Coherent laser light available in different wavelengths (colors)
What Is a Laser? A laser produces a very narrow beam of light that is useful in many technologies and instruments. The letters in the word laser stand for Light Amplification by Stimulated Emission of Radiation.
A laser is an unusual light source. It is quite different from a light bulb or a flash light. Lasers produce a very narrow beam of light. This type of light is useful for lots of technologies and instruments – even some that you might use at home!
NASA
A laser is created when electrons in the atoms in optical materials like glass, crystal, or gas absorb the energy from an electrical current or a light. That extra energy “excites” the electrons enough to move from a lower-energy orbit to a higher-energy orbit around the atom’s nucleus.
Lasers have been around since 1960, although the idea goes back to 1900 (see “A Legacy of Lasers and Laser Fusion Pioneers”).
Today, lasers come in many sizes, shapes, colors, and levels of power, and are used for everything from surgery in hospitals, to bar code scanners at the grocery store, and even playing music, movies, and video games at home. You might have undergone LASIK surgery, which corrects your vision by using a tiny laser to reshape the cornea of your eye.

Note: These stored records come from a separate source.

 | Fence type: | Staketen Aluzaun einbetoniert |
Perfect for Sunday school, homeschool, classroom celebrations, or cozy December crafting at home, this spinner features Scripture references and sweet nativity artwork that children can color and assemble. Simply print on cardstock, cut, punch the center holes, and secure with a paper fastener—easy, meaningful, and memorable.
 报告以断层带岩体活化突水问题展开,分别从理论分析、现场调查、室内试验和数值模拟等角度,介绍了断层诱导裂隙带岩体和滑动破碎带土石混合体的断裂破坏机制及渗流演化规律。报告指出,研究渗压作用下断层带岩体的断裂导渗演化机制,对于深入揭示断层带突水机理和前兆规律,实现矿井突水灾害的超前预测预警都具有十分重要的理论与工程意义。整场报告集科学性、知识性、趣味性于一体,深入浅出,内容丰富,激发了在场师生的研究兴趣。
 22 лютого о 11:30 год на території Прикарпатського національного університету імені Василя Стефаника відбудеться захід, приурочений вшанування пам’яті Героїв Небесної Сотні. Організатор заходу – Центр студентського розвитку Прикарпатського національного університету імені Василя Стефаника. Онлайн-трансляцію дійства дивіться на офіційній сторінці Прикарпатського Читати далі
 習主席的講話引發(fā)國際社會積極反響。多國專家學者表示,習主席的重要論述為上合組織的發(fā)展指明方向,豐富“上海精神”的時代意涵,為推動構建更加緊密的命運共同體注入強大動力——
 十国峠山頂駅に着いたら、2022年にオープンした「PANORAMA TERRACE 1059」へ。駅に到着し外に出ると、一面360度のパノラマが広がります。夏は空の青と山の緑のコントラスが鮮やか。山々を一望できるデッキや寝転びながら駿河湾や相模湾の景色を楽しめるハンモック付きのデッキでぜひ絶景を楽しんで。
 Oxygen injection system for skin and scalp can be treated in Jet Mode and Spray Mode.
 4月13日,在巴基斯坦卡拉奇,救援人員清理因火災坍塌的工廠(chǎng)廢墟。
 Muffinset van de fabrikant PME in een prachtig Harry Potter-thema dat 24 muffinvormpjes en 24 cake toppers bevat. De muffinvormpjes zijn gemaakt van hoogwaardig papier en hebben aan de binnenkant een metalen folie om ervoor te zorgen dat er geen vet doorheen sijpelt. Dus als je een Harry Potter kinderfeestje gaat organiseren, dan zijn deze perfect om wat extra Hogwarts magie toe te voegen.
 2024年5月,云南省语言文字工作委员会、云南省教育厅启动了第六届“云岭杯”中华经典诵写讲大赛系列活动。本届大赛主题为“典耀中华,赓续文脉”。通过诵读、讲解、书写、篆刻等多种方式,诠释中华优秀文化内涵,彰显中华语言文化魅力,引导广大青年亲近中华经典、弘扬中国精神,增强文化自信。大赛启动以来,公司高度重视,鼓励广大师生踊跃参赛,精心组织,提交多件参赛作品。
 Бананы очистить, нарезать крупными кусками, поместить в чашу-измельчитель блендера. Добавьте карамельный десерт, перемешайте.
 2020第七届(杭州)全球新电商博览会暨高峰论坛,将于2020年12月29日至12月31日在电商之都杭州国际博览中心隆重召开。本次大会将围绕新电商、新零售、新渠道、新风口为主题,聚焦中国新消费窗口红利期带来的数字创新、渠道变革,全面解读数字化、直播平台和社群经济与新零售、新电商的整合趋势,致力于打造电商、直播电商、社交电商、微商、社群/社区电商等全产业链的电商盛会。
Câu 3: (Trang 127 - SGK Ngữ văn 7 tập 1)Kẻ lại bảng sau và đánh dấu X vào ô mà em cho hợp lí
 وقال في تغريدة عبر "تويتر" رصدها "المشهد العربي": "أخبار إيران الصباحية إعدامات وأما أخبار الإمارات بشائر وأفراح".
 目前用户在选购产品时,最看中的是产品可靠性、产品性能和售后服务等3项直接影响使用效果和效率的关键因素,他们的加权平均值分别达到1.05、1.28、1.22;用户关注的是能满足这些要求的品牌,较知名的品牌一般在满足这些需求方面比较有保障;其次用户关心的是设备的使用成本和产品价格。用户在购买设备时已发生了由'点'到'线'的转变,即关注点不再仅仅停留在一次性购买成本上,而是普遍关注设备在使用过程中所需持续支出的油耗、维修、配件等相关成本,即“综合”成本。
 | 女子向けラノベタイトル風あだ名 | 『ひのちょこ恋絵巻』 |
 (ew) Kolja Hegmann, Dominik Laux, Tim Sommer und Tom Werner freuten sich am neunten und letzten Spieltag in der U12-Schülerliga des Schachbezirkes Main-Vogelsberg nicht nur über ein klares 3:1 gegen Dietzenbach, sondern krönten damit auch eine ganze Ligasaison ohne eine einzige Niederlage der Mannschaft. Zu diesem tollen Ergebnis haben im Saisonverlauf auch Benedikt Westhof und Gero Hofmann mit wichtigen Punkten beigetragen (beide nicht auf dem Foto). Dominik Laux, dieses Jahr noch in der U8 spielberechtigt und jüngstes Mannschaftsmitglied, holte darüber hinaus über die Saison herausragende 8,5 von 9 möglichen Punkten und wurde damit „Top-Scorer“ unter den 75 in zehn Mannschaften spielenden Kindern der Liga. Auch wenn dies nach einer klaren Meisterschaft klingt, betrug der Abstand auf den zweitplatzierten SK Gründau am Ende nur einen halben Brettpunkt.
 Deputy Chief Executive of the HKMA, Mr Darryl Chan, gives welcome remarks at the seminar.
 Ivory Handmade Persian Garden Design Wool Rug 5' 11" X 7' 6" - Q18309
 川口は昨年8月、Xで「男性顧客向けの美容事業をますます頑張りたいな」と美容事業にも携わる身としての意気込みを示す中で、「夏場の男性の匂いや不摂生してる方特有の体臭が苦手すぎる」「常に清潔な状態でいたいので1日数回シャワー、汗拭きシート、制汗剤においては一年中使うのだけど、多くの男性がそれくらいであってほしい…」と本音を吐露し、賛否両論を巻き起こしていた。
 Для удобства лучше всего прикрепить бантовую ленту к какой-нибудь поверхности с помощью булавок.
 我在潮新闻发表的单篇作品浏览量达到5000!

Some lasers, such as ruby lasers, emit short pulses of light. Others, like helium–neon gas lasers or liquid dye lasers, emit light that is continuous. NIF, like the ruby laser, emits pulses of light lasting only billionths of a second. Laser light does not need to be visible. NIF beams start out as invisible infrared light and then pass through special optics that convert them to visible green light and then to invisible, high-energy ultraviolet light for optimum interaction with the target.
Lasers can be tiny constituents of microchips or as immense as NIF, the world’s most energetic laser housed in a building 10 stories high and as wide as three football fields.